網膜を内側から引っぱっていた硝子体を除去することにより、網膜が引っ張られなくなります。
その状態で眼内を空気に置き換えます。すると網膜が空気で眼球壁に張り付いた状態となります。
網膜の後ろに溜まった液体を吸引し、裂孔の周囲をレーザーで内側から焼き付けます。手術の最後に眼球内を空気か、眼球内で空気よりも長持ちする治療用のガスを充填します。稀に治療用のオイルを充填する必要がある場合もあります。
術後は患者さんにうつぶせ姿勢をしていただくことでガスが網膜を押さえてくれるため、網膜剥離が治った状態が維持されます。
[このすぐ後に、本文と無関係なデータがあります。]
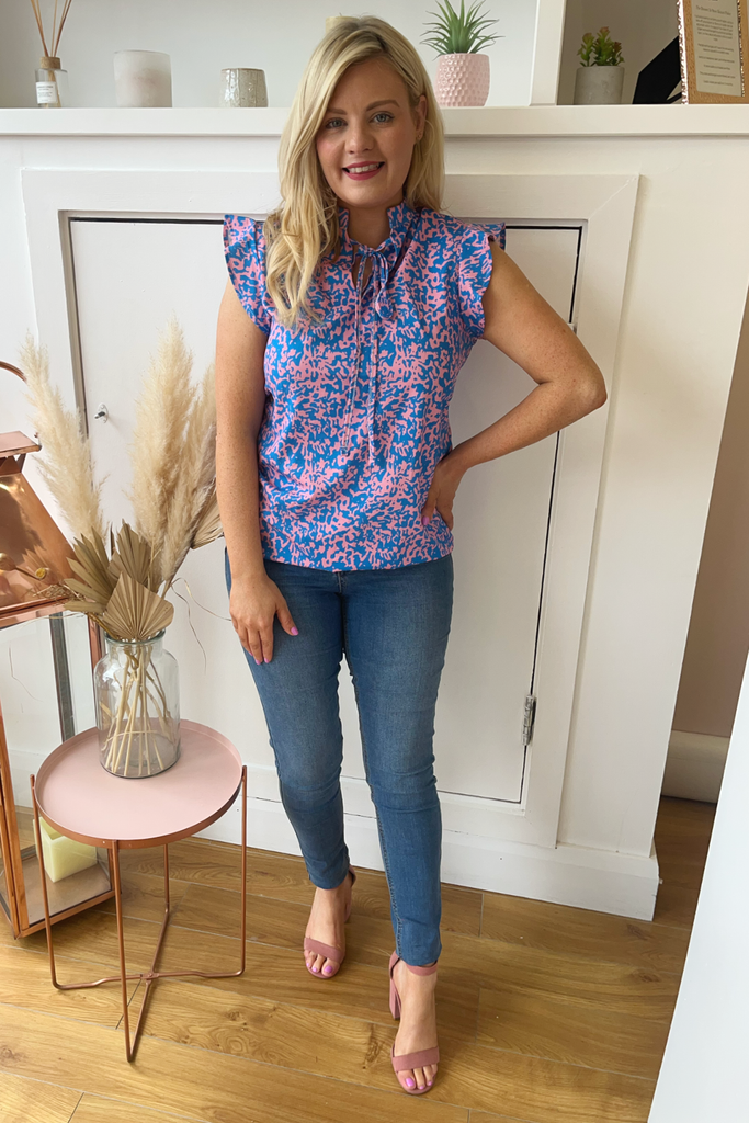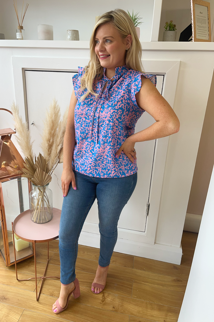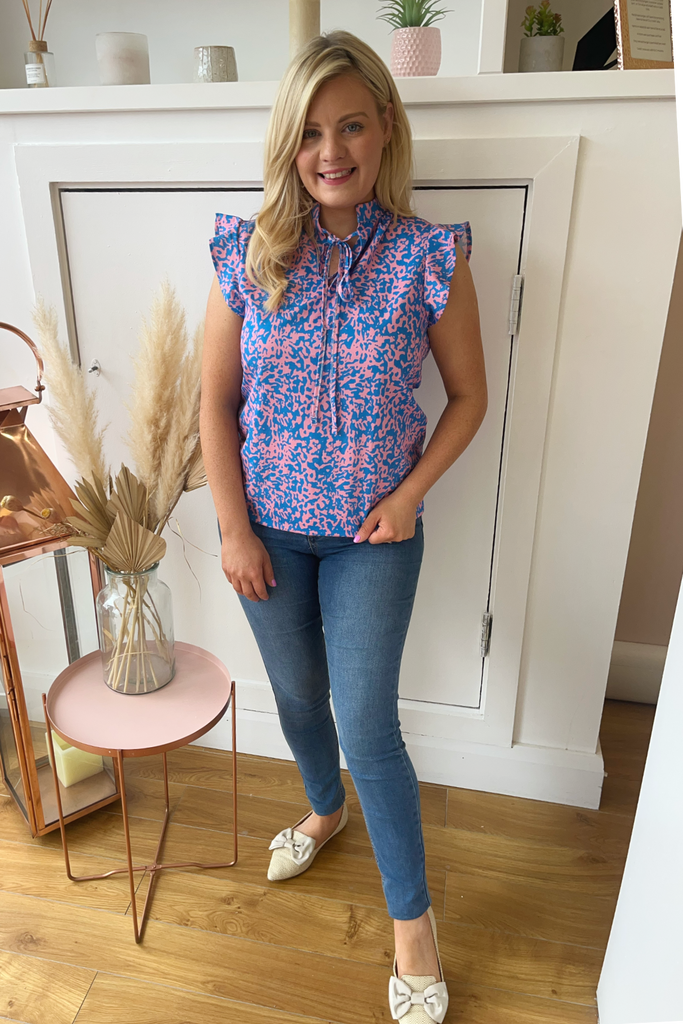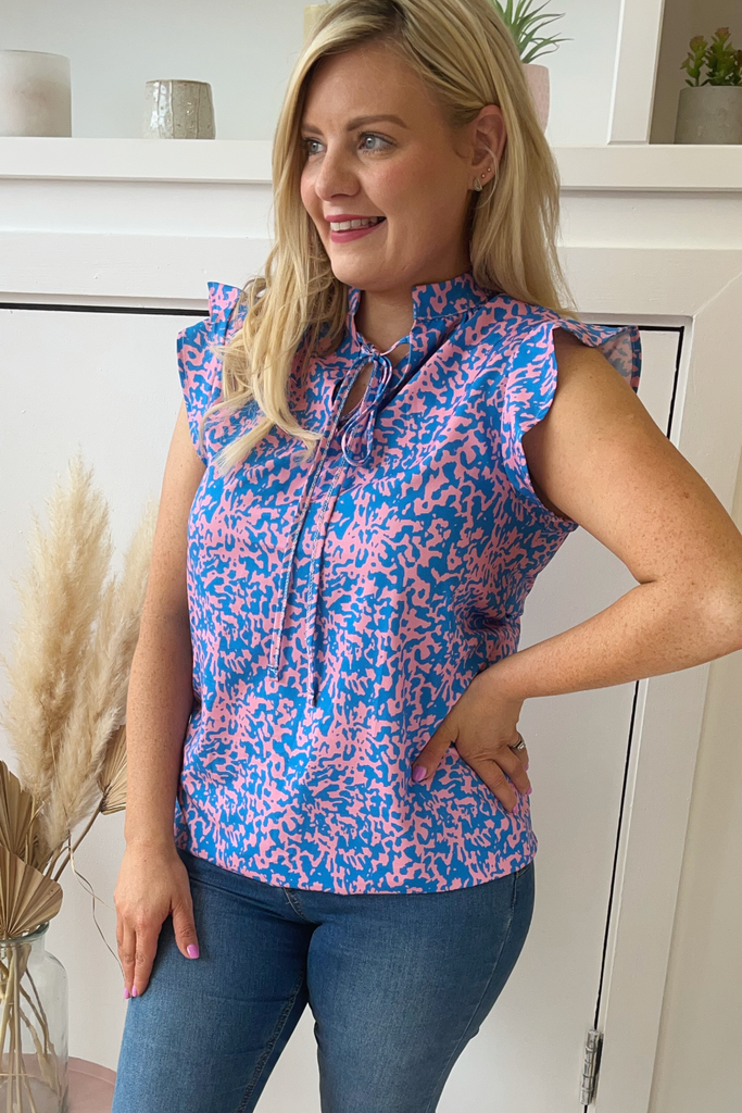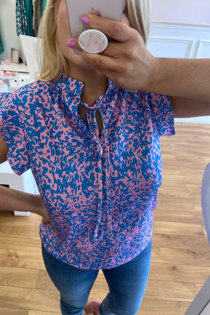 V-neck printed blouse in a pretty mix of pink and blue. Complete with ruffled cap sleeves, ruffled neckline, and neck tie with key-hole. So pretty and so comfortable, with great length and a silky feel.

一週間程度でレーザー治療の効果がしっかりとしたものとなり、そのころにはうつぶせをしなくても網膜剥離が治った状態が維持できるようになります。
また、その間に空気やガスは眼の中で作られる房水という液体に自然に置き換わります。オイルを充填した場合は自然には房水に置き換わらないため、網膜剥離が治った後にオイルを抜く手術が必要になります。
年齢によっては術後に白内障が進行する可能性があるため、白内障手術を同時手術で行う場合もあります。


 

(写真左上) 右上側の部分の網膜が網膜剥離になっています。 網膜裂孔は写真には写っていませんが、もっと上の方にあります。
(写真左下) 網膜の中心部が剥がれているかどうか、写真ではよく分かりませんが、網膜の断面図を撮るOCTという検査をすると、中心部も網膜剥離になっていることが分かります。
(写真右上) 硝子体手術を受けて一週間後の眼底写真です。網膜は復位しており、上方30%くらいがまだ空気が残っています。
(写真右下) OCT検査で中心部もきちんと網膜剥離が治っている状態が確認できます。

裂孔原性網膜剥離に対する硝子体手術


■ 手術の合併症

硝子体手術後、網膜剥離が再発すると、急速に網膜剥離の範囲が広がって「増殖性硝子体網膜症」という重症の網膜剥離になることがあります。眼内にガスを入れると「ガス白内障」といって、水晶体が混濁を起こす場合があります。ガスがなくなると白内障も治る場合と、ガスがなくなっても白内障が治らなくて後日白内障手術が必要になることがあります。

■ 費用

手術費用だけで、3割負担の場合、約12万〜17万円の自己負担が発生します。白内障手術を併用した場合、これに約3万円追加となります。そのほかに、入院費・薬剤費・その他の費用が別途かかります。



5. バックル手術

 バックルと呼ばれるシリコンスポンジのような素材を網膜裂孔の部分の眼球の壁である強膜に縫い付ける手術です。裂孔部の眼球がわずかに内側に凹むことにより裂孔が眼球壁に接着します。
接着した状態で外側から冷凍凝固という方法で網膜と眼球壁を癒着させます。
網膜の裏側に溜まった水分は外側から小さな孔を開けて排出します。


メリットとしては硝子体手術と比較して、術後に白内障の進行がほとんどない点、術後にうつぶせ姿勢をする必要がない点が挙げられます。
特に若年者の場合、硝子体はあまり液化していないため、バックル手術の効果が大きいこと、術後白内障になるリスクを避けられることから、よく選択される方法です。
また硝子体手術の補助的治療としてバックル手術を併用する場合もあります。

強膜バックリング手術


■ 手術の合併症

出血・感染・眼球運動障害・乱視化・近視化・網膜剥離の再発・バックリング材料の露出・眼球上昇・その他の合併症の可能性があります。

■ 費用

手術費用だけで3割負担の方の自己負担分は約12万円です。
そのほかに、入院費・薬剤費・その他の費用が別途かかります。